Por: EL PAÍS | 13 de enero de 2014
Por Juan Francisco Fuentes y Pilar Garí
En 1814, las liberalas -así denominadas a veces por sus enemigos– no
pasaban de ser una exigua minoría a la que la monarquía absoluta prestó escasa
atención, salvo que se empeñaran en ayudar a los presos y en importunar a las
autoridades con sus quejas. Si la propaganda servil se fijó en ellas fue para
señalar los desvaríos a los que había llegado el liberalismo en aquellos años
en que todo anduvo revuelto. Por el contrario, a partir de 1823 la represión
fue implacable también con ellas. Las cárceles, galeras y casas de arrecogidas
fueron recibiendo a las más comprometidas o a las más infelices, aquellas que
no habían podido huir a tiempo o que no contaban con ningún tipo de protección
en las altas esferas. Otras se vieron más o menos libres de la persecución
oficial, pero no del acoso de sus vecinos más exaltados.
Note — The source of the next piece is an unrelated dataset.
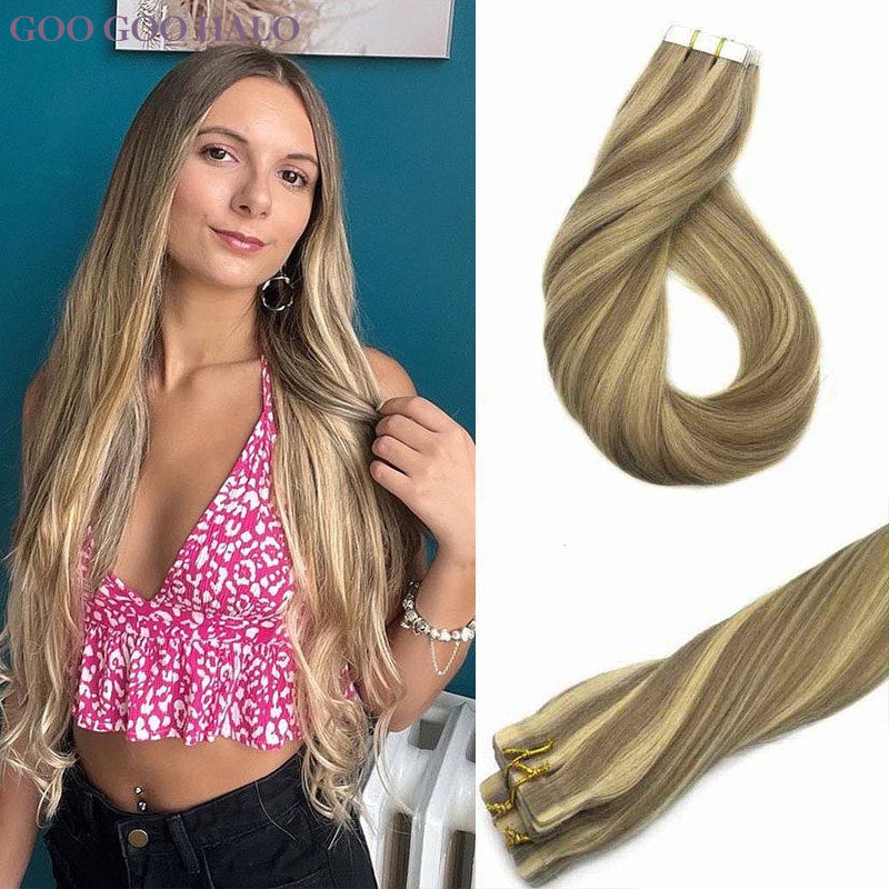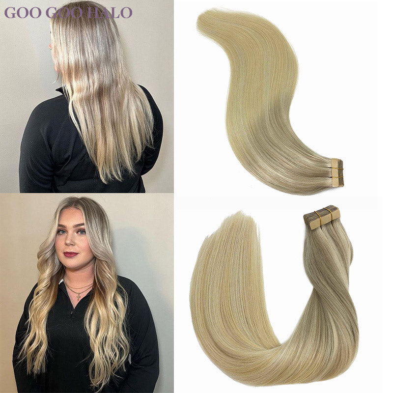DESCRIPTION GOO GOO HALO Tape in Hair Extensions are designed to be quick to install, easy to remove, and simple re-apply, we use discreet and lightweight tape adhesive tabs. Once fitted GOO GOO HALO tape in hair extensions should last between 8-10 weeks before needing to be re-positioned. With our tape in hair extensions human hair, you can achieve any style you like, whether you want a sleek ponytail or a full body blowout. You can also wash, cut, and dye tape in hair extensions just like your own hair. And, as well as their versatility, style and ease, GOO GOO HALO hair tape in hair extensions are the least damaging type of semi-permanent extensions and are very discreet as they lay flat to your head. –100% human remy hair – can be re-applied –Easy to apply in under 30 minutes –High quality,USA-made adhesive holds up to 8 weeks –Double Sided Tape–More Strong and Durable –NON-damaging, lightweight, and comfortable in the hair –3-4 packs to add the length, 2-3 packs to add the thickness. –Suitable for all hair types WEIGHT LENGTH TOTAL PIECES 50G 14” 16” 18” 20” 22” 24” 20 (Date First Available Dec 01, 2021) How to Wear tape in Hair Extensions? Step 1- Hair extensions must be applied to washed clean hair. Part your hair in desired area where extension needs to be applied. Step 2- Rip off the cover on the tape extension to expose the super tape. Line up extension directly and attach by pressing to piece of desired hair. Step 3- Double the thickness by adding another layer to the underneath of the piece. Step 4- Two sticky sides face each other and the section of hair will be in the middle. Like a sandwich. Step 5- Please Note: Once hair is in, use your flat iron on a low heat setting. Please control the temperature within 350 degrees Fahrenheit. (Please don’t use too high temperature, because that may cause the tape to melt.) Then heating the tapes 5-6s one time, repeating 5-6 times. You are finished! Your hair is now thick and seamless. How to Remove tape in Hair Extensions? Step 1- Use with a professional product for taking out the tapes on the contact part of the hair and tape. Step 2- Wait for one minute, gently peel off the tape. (Don’t tear the tape too hard, because that might damage your own hair.) Step 3- Then you can wash your own hair to keep your hair clean and you could replace with new tapes. How To Wash Comb your hair with a wide-tooth comb. Wash your hair extensions with warm water and sulfate free conditioner. Wash your hair by holding gently. Do not rub your hair. Comb your hair extensions with a wide-tooth comb from the bottom to the top of the hair extensions. Gently hold the hair with your hand and squeeze the water. Beat the hair with a towel until the hair is dry. Kindly Reminder: Please do not use colored shampoos (such as purple shampoo), to wash very light colored hair extensions. Because this may stain the hair extensions. SHIPPING & RETURNS Free Shipping Worldwide. All prices on the website include FREE standard shipping to applicable countries. You can exchange or refund your order within 30 days.

En algunos casos, la
presión ambiental sobre una mujer conocida por sus ideas liberales podía
llevarla a cambiar de residencia e incluso a huir al extranjero, como hizo Tecla
López de Angulo, monja del convento de las Huelgas, secularizada en 1822,
que tuvo que abandonar Burgos y buscar refugio en Francia al no poder soportar
por más tiempo los atropellos y las amenazas de los serviles.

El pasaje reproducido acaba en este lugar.